The roaring economic growth of China has slowed down in recent years.China is facing several economic problems that might even further curb this country’s progress. If China’s economy comes to a halt, how will it affect leading American companies that operate there? Let’s take a look at three companies that could be affected by China’s potential economic deceleration.
Is China’s consumption too low?
According to a recent article by Paul Krugman,China’s biggest problem is its high investment and low consumption, which is partly due to China’s economic structure. This structure includes many government owned businesses that are mostly concerned with expansion, and cheap labor that keeps coming from villages and maintains the low wages. If cheap labor from villages will cease to flood the labor force, wages will start to rise, which will augment consumption. This transition, according to Krugman, could pull back China’s economy for a while.
China’s low inflation is an indicator for the economic progress. The current annual inflation is at 2.7%, which is much lower than Bank of China’s inflation target of 3.5%. If China’s inflation remains low, it could indicate slow progress in its economic activity.
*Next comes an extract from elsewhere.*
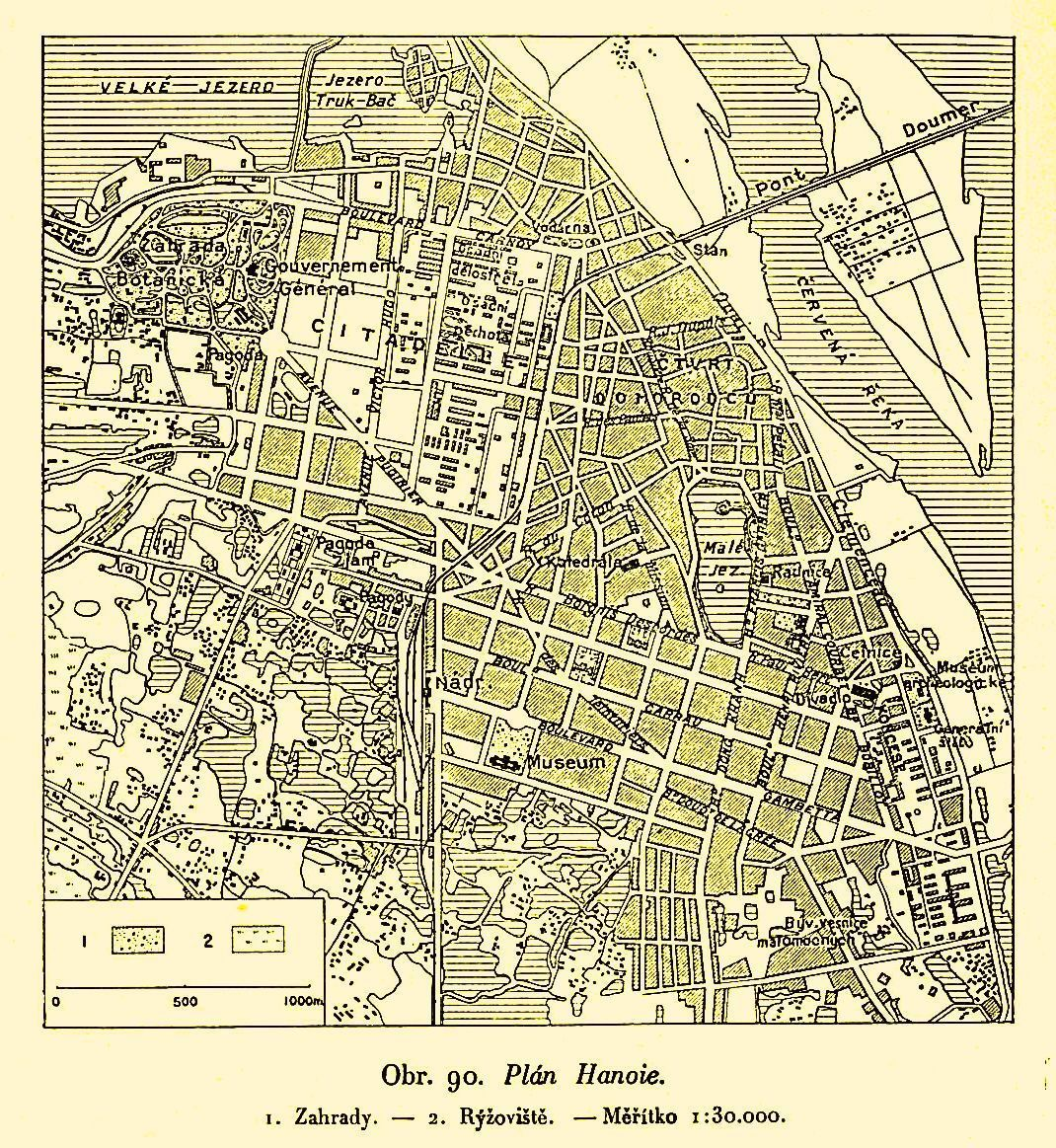 Map of Hanoi after the First World War. The descriptions are in Czech.

Will China reach a credit crisis?
Another factor that might adversary affect China’s economy is the potential pending credit crisis. If China’s credit expansion will keep growing at a faster pace than its economy, it might curb China’s growth: The country might not be able to borrow more money to maintain its growth.
These theories are compelling and have some tangent points. But I think other factors are affecting China that could lead to an economic deceleration, such as high commodities prices and the global economic progress. On the one hand, rising commodities prices including crude oil, coal, gold and silver are raising China’s imports. On the other hand, the ongoing economic slowdown in many regions, including Europe, has prevented China’s exports from growing. These factors could keep curbing down China’s economy from growing in the future.
How will this slowdown affect you?
The main issue will revolve around companies that draw their growth in revenues in China. Companies such as Caterpillar Inc. (NYSE:CAT) and Starbucks Corporation (NASDAQ:SBUX) could see a decline in their revenue growth rate in the coming years, which will reflect in their stock prices.
Yum! Brands, Inc. (NYSE:YUM) states the drop in revenues was due to the poultry incident back in December and residual adverse effect from the avian flu. But I suspect China’s economic slowdown and strong competition from other U.S brands have pulled down the company’s revenues.
Moreover, Yum! Brands, Inc. (NYSE:YUM)’ profit margin in China is the lowest of all other regions at 4.6%. In comparison, the profitability in the U.S is 24.4%. Therefore, if China’s business segment rises, it will further slash the company’s profit margin. In any case, if China’s economic growth diminishes Yum! Brands, Inc. (NYSE:YUM)’ earnings will continue to fall, which will adversely affect the company’s future valuation.